The Northern Karwendel Chain (Nördliche Karwendelkette) is the northernmost of the four great, largely parallel mountain chains in the Karwendel in the Alps. It is made from very pure Wetterstein limestone, which has its heart in the Karwendel and runs for a total length of c. 18 kilometres from Scharnitz in the northeast via Mittenwald to the Wörner, where it turns sharply east, until it finally ends west of the Johannestal valley. It has 25 main summits with an average height of 2,400 m. The highest peak is the Eastern Karwendelspitze.
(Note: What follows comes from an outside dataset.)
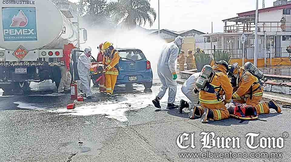 Ixtaczoquitlán.- Un derrame de diésel con tres lesionados, fue el saldo que dejó el impacto de una pipa de Petróleos Mexicanos (Pemex), contra un automóvil particular, durante el simulacro que se efectuó ayer en el marco del Día Nacional de Preparación y Respuesta a Emergencias Químicas.

The boundary between Germany and Austria runs along the crest from the Brunnensteinspitze in the west to the Eastern Karwendelspitze in the east. The northwestern side is Bavarian, the southeastern flank is Tyrolean. The Northern Karwendel Chain should not be confused with the southernmost chain of the Karwendel, the Inn Valley Chain, which is known colloquially as the Nordkette or "North Chain" due to its location north of the city of Innsbruck.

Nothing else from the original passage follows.